(INFORMATION SUPPLIED begins)

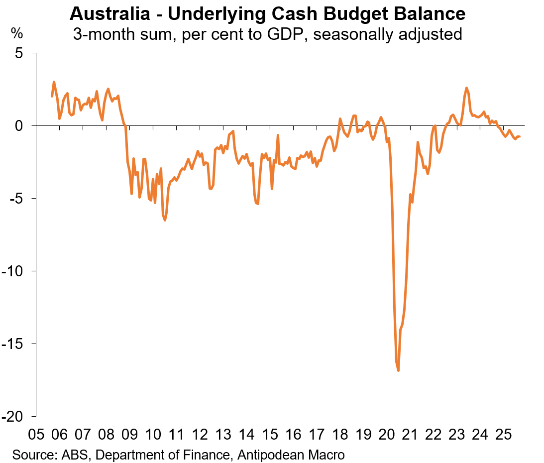 1. The Australian Government’s underlying budget deficit was ~0.8% of GDP in Q3…
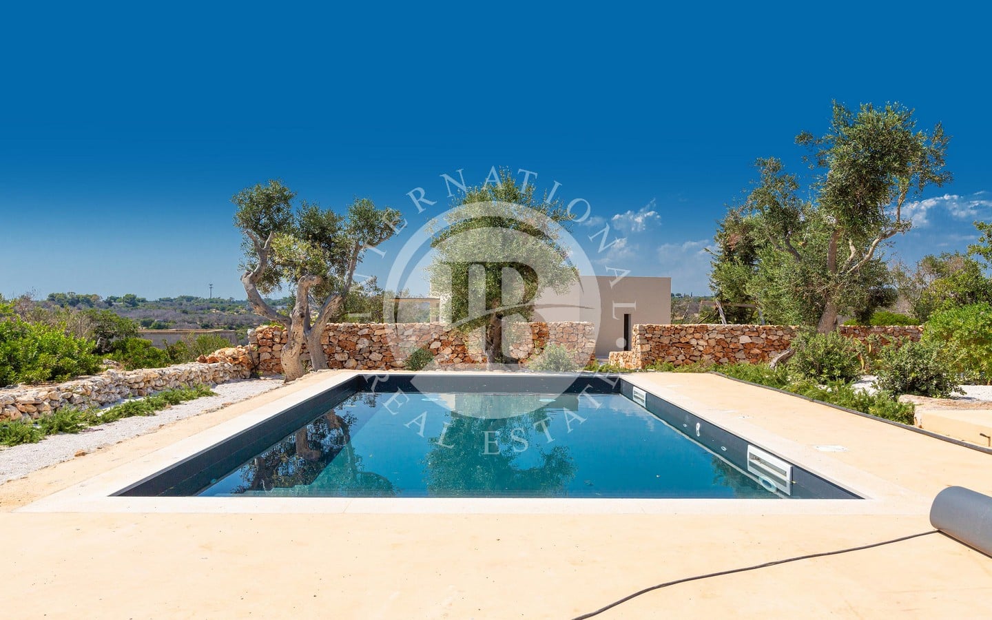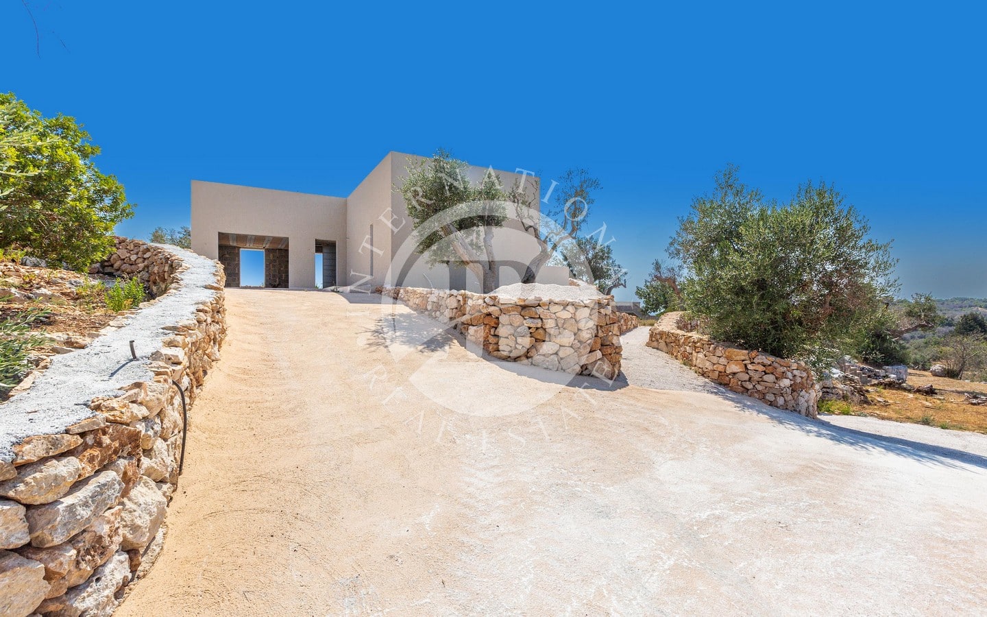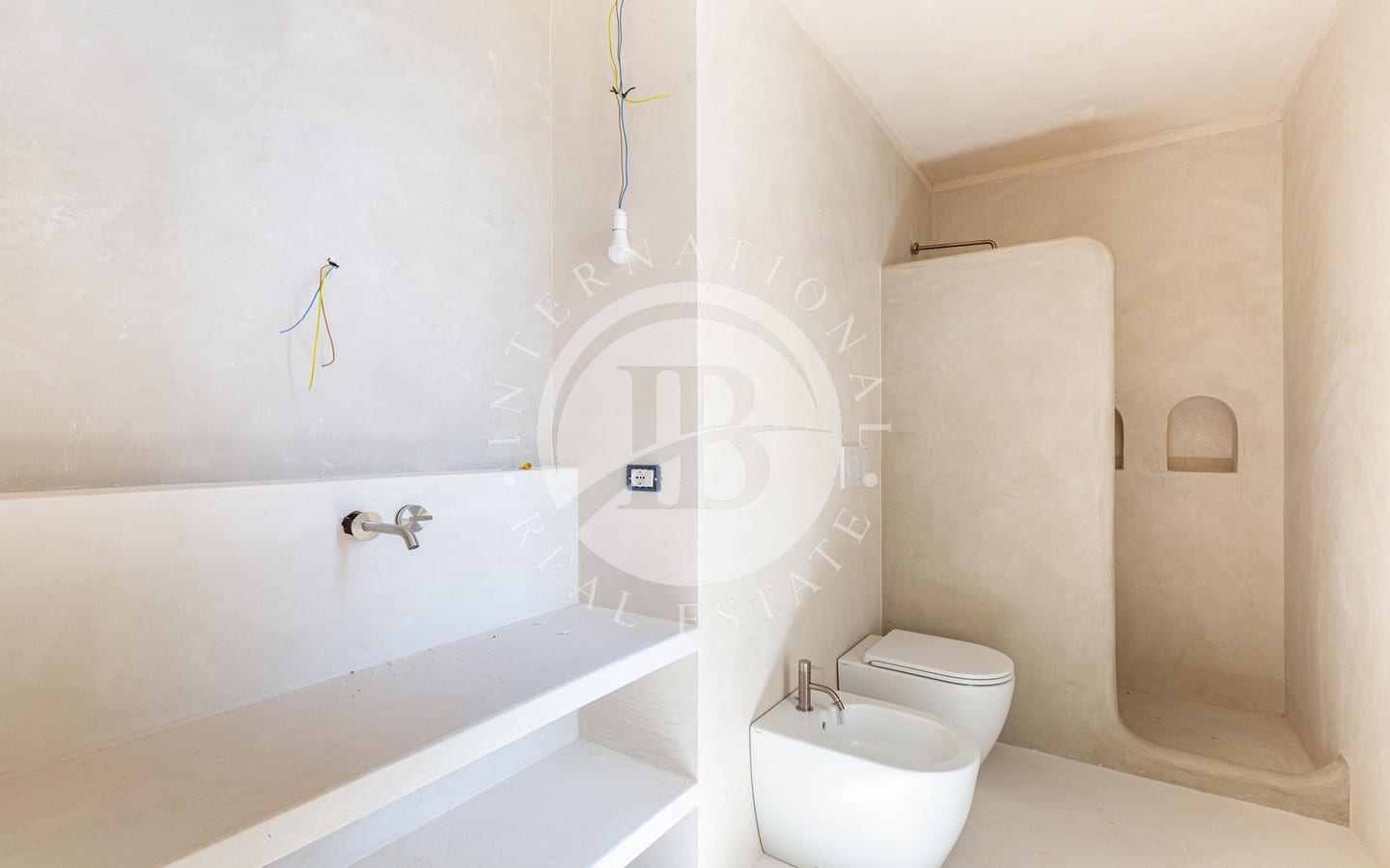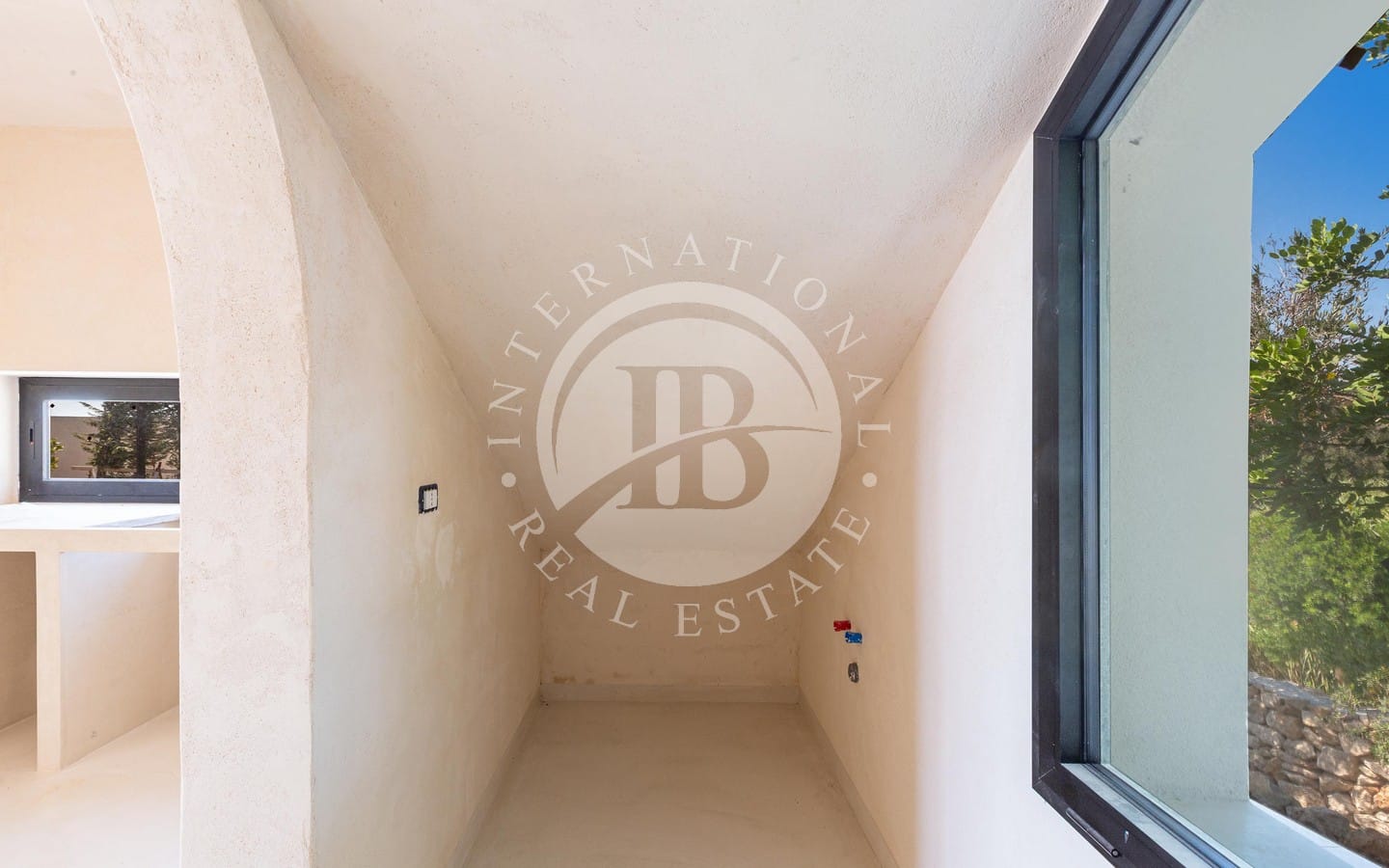 Gli spazi, luminosi e confortevoli, offrono una vista mozzafiato direttamente dal soggiorno su una splendida piscina a sfioro panoramica. Il giardino circostante, tra muretti in pietra e piante tipiche della macchia mediterranea, regala un'esperienza di totale immersione nella natura, con vista mare.
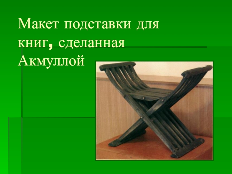 Слайд 20Макет подставки для книг, сделанная Акмуллой
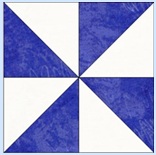 The basic Pinwheel block is simply four diagonal half squares (a.k.a. triangle squares or half square triangles) put together in a four patch block. The Simplicity block is a four patch made of four pinwheels.
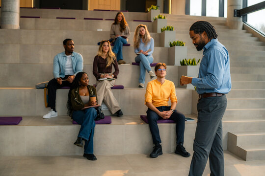 Audience with blurred speaker giving presentation in bright university workshop lecture hall background. Scientific conference presentation event, training, meeting. High quality
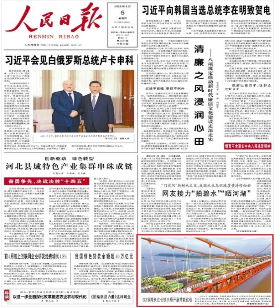人民日?qǐng)?bào)6月5日頭版報(bào)道《G3銅陵長(zhǎng)江公鐵大橋開(kāi)展荷載試驗(yàn)》

(INFORMATION SUPPLIED ends)

(TASK STATEMENT)
Your answer must be the records above, word for word, with no pictures.

(RESULT OF THIS TASK)
 1. The Australian Government’s underlying budget deficit was ~0.8% of GDP in Q3…
 Gli spazi, luminosi e confortevoli, offrono una vista mozzafiato direttamente dal soggiorno su una splendida piscina a sfioro panoramica. Il giardino circostante, tra muretti in pietra e piante tipiche della macchia mediterranea, regala un'esperienza di totale immersione nella natura, con vista mare.
 Слайд 20Макет подставки для книг, сделанная Акмуллой
 The basic Pinwheel block is simply four diagonal half squares (a.k.a. triangle squares or half square triangles) put together in a four patch block. The Simplicity block is a four patch made of four pinwheels.
 Audience with blurred speaker giving presentation in bright university workshop lecture hall background. Scientific conference presentation event, training, meeting. High quality
人民日?qǐng)?bào)6月5日頭版報(bào)道《G3銅陵長(zhǎng)江公鐵大橋開(kāi)展荷載試驗(yàn)》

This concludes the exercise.